The act of eating pure food begins to carry pseudospiritual
connotations. As orthorexia progresses, a day filled with sprouts, umeboshi
plums, and amaranth biscuits comes to feel as holy as one spent serving the
poor and homeless. When an orthorexic slips up (which may involve anything from
devouring a single raisin to consuming a gallon of Haagen Dazs ice cream and a
large pizza), he experiences a fall from grace and must perform numerous acts
of penitence. These usually involve ever-stricter diets and fasts.
This "kitchen spirituality" eventually reaches a
point where the sufferer spends most of his time planning, purchasing, and
eating meals. The orthorexic's inner life becomes dominated by efforts to
resist temptation, self-condemnation for lapses, self-praise for success at
complying with the chosen regime, and feelings of superiority over others less
pure in their dietary habits.
This transference of all of life's value into the act of
eating makes orthorexia a true disorder. In this essential characteristic,
orthorexia bears many similarities to the two well-known eating disorders
anorexia and bulimia. Where the bulimic and anorexic focus on the quantity of
food, the orthorexic fixates on its quality. All three give food an excessive
place in the scheme of life.
So what constitutes orthorexia?
Are you spending more than three hours a day thinking about
healthy food?
Are you planning tomorrow's menu today?
Is the virtue you feel about what you eat more important
than the pleasure you receive from eating it?

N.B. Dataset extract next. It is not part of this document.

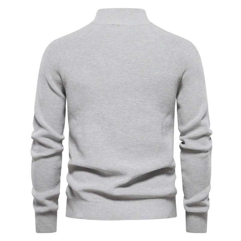 Pulover bărbați cu mânecă lungă și guler înalt Pulover elastic din bumbac cu fermoar la jumătate Pulover modern uni în mai multe culori

Has the quality of your life decreased as the quality of
your diet increased?
Have you become stricter with yourself?
Does your self-esteem get a boost from eating healthy? Do
you look down on others who don't eat this way?
Do you skip foods you once enjoyed in order to eat the
"right" foods?
Does your diet make it difficult for you to eat anywhere but
at home, distancing you from friends and family.
Do you feel guilt or self-loathing when you stray from your
diet?
When you eat the way you're supposed to, do you feel in
total control?
If you answered yes to two or three of these questions, you
may have a mild case of orthorexia. Four or more means that you need to relax
more when it comes to food. If all these items apply to you, you have become
obsessed with food. So where do you go from there?
Treatment involves "loosening the grip," Bratman
tells WebMD. "I begin by agreeing that the diet is important, but also
saying, 'Isn't it also important in life to have some spontaneity, some
enjoyment?'"
For most people, he says, making the change is a big step.
"It doesn't happen in just one session. Once people recognize it, it's
still very hard to change. It's been so long since they've eaten spontaneously.
They don't know where to start. It's very tricky."
Bratman notes that sometimes orthorexia overlaps with a
psychological problem like obsessive-compulsive disorder. Still, he thinks
orthorexia "is its own illness as well."
Julie B. Clark-Sly, PhD, a psychologist at the Foundation
for Change, a small medical facility in Orem, Utah, sees a common thread in
orthorexia and other disorders. "It's being fixated on the food and having
a limited range of what they eat -- that's very similar to what anorexic women
do," Clark-Sly tells WebMD. "They do eat, but they don't eat fat, and
they really restrict themselves calorie-wise. They say what they're doing is
healthy, but they fool themselves. It becomes an emotional disorder."